» **PROBLEM REQUIREMENTS**: The pictures do not go in the copy. Reproduce the rest of the entries exactly.

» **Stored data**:
%%
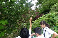 ↓ 3年生 暑くなると 季節の移り変わりとともに自然はどのような変化をしているのか調べに笠野の森に入りました.
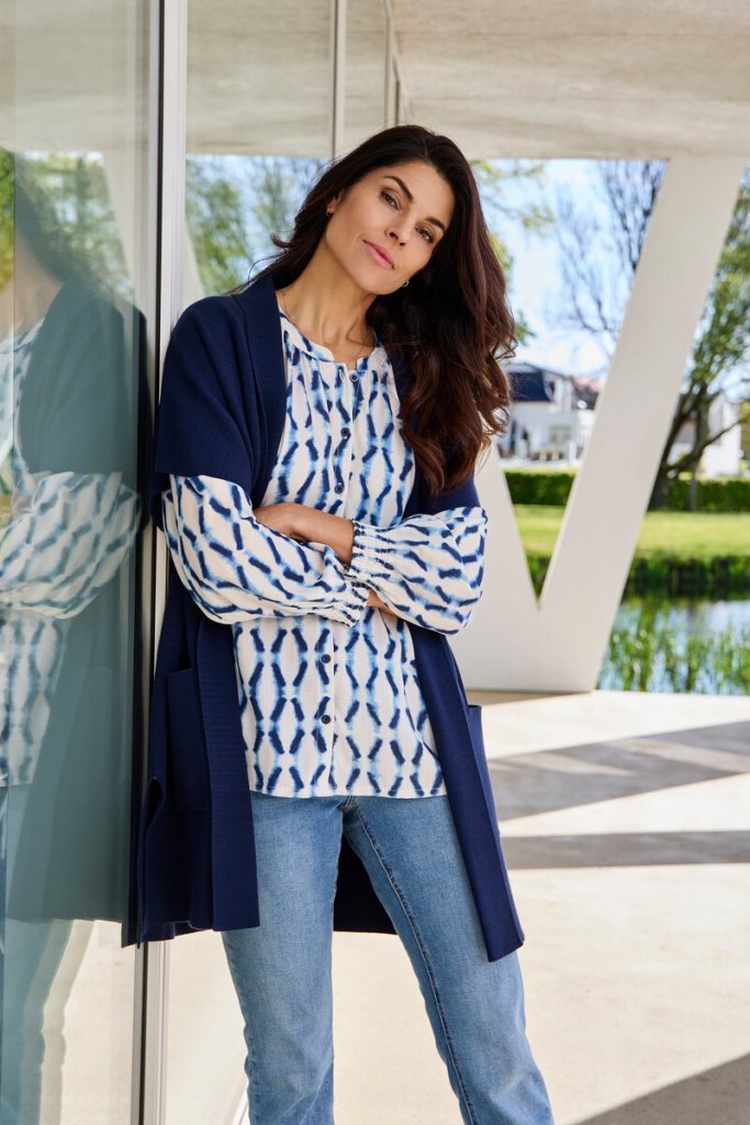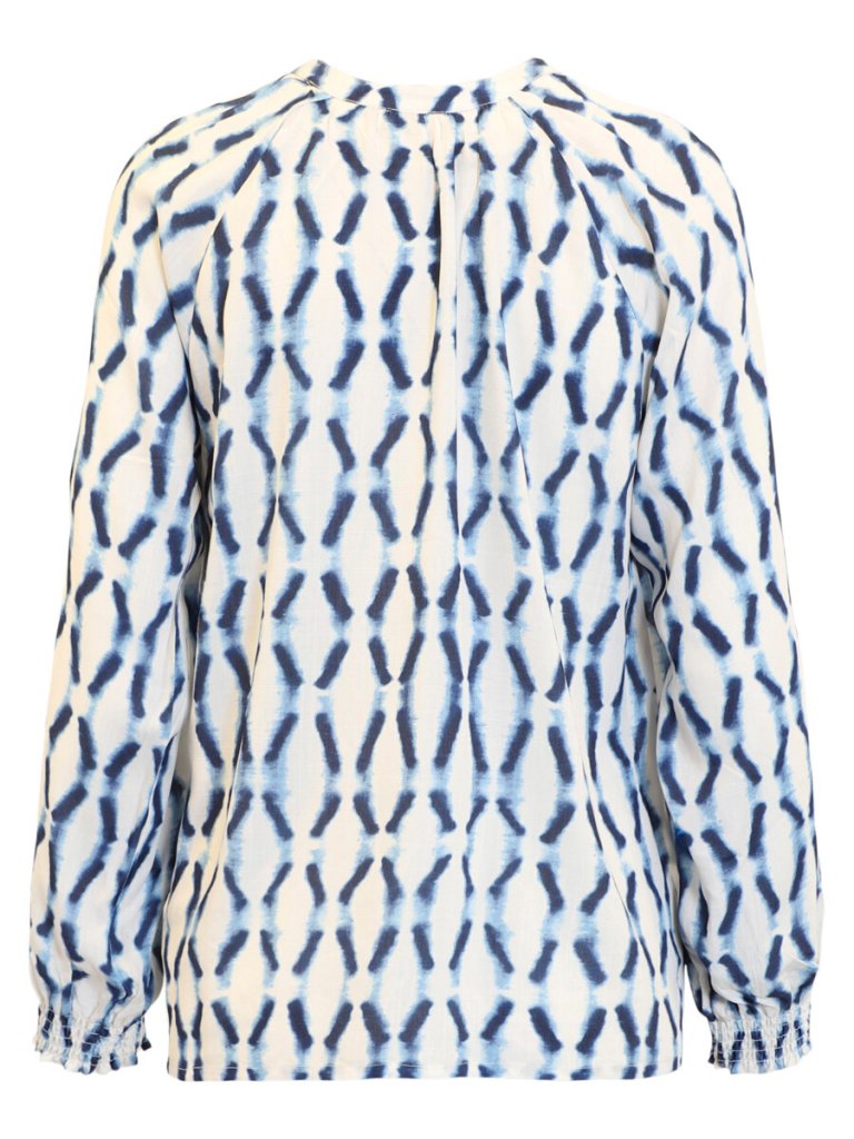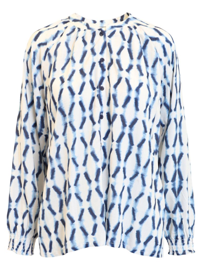 Snygg blus med rund hals och knappar fram från danska Signature. Blusen har en ljus botten med blå mönster. Ärmsluten har en liten mudd, så du kan välja om du vill ha ärmarna uppe eller nere.
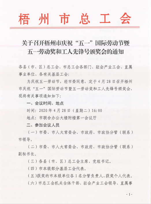 關(guān)于召開梧州市慶?!拔逡弧眹H勞動(dòng)節(jié)暨五一勞動(dòng)獎(jiǎng)和工人先鋒號頒獎(jiǎng)大會(huì)的通知
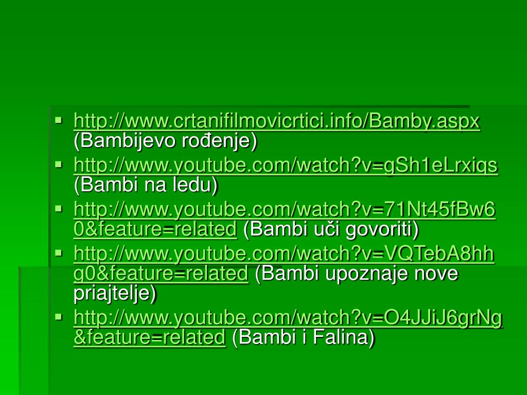 http://www.crtanifilmovicrtici.info/Bamby.aspx (Bambijevo rođenje) • http://www.youtube.com/watch?v=gSh1eLrxiqs (Bambi na ledu) • http://www.youtube.com/watch?v=71Nt45fBw60&feature=related (Bambi uči govoriti) • http://www.youtube.com/watch?v=VQTebA8hhg0&feature=related (Bambi upoznaje nove priajtelje) • http://www.youtube.com/watch?v=O4JJiJ6grNg&feature=related (Bambi i Falina)
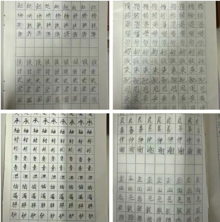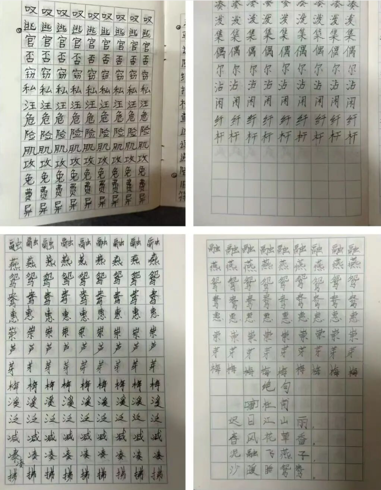 练字本上,一笔一划横平竖直,稚嫩的笔触藏着坚持的力量,卷面整洁度较上学期有了质的飞跃。
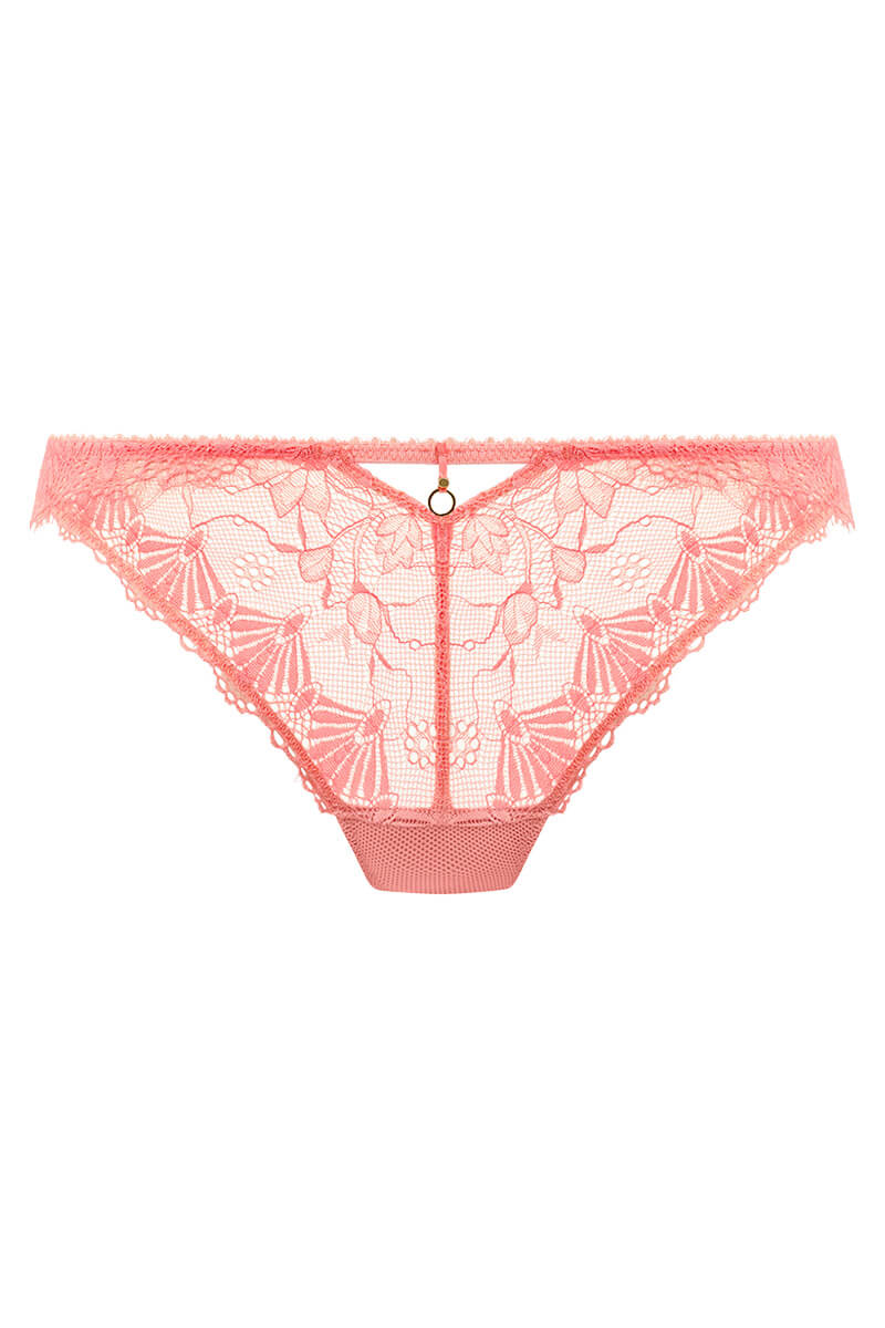 De Freya Fascinate Slip Peach is uitgevoerd in de trendy pastelkleur perzik. Het prachtig ontworpen bloemenkant met decoratieve wimpereinden zorgt voor een perfecte stijl. Extra leuk detail is het gouden ringdetail in een open stukje aan de voorkant. Het kruisje is van katoen.
%%
» **ANSWER SECTION**:
 ↓ 3年生 暑くなると 季節の移り変わりとともに自然はどのような変化をしているのか調べに笠野の森に入りました.
 Snygg blus med rund hals och knappar fram från danska Signature. Blusen har en ljus botten med blå mönster. Ärmsluten har en liten mudd, så du kan välja om du vill ha ärmarna uppe eller nere.
 關(guān)于召開梧州市慶?!拔逡弧眹H勞動(dòng)節(jié)暨五一勞動(dòng)獎(jiǎng)和工人先鋒號頒獎(jiǎng)大會(huì)的通知
 http://www.crtanifilmovicrtici.info/Bamby.aspx (Bambijevo rođenje) • http://www.youtube.com/watch?v=gSh1eLrxiqs (Bambi na ledu) • http://www.youtube.com/watch?v=71Nt45fBw60&feature=related (Bambi uči govoriti) • http://www.youtube.com/watch?v=VQTebA8hhg0&feature=related (Bambi upoznaje nove priajtelje) • http://www.youtube.com/watch?v=O4JJiJ6grNg&feature=related (Bambi i Falina)
 练字本上,一笔一划横平竖直,稚嫩的笔触藏着坚持的力量,卷面整洁度较上学期有了质的飞跃。
 De Freya Fascinate Slip Peach is uitgevoerd in de trendy pastelkleur perzik. Het prachtig ontworpen bloemenkant met decoratieve wimpereinden zorgt voor een perfecte stijl. Extra leuk detail is het gouden ringdetail in een open stukje aan de voorkant. Het kruisje is van katoen.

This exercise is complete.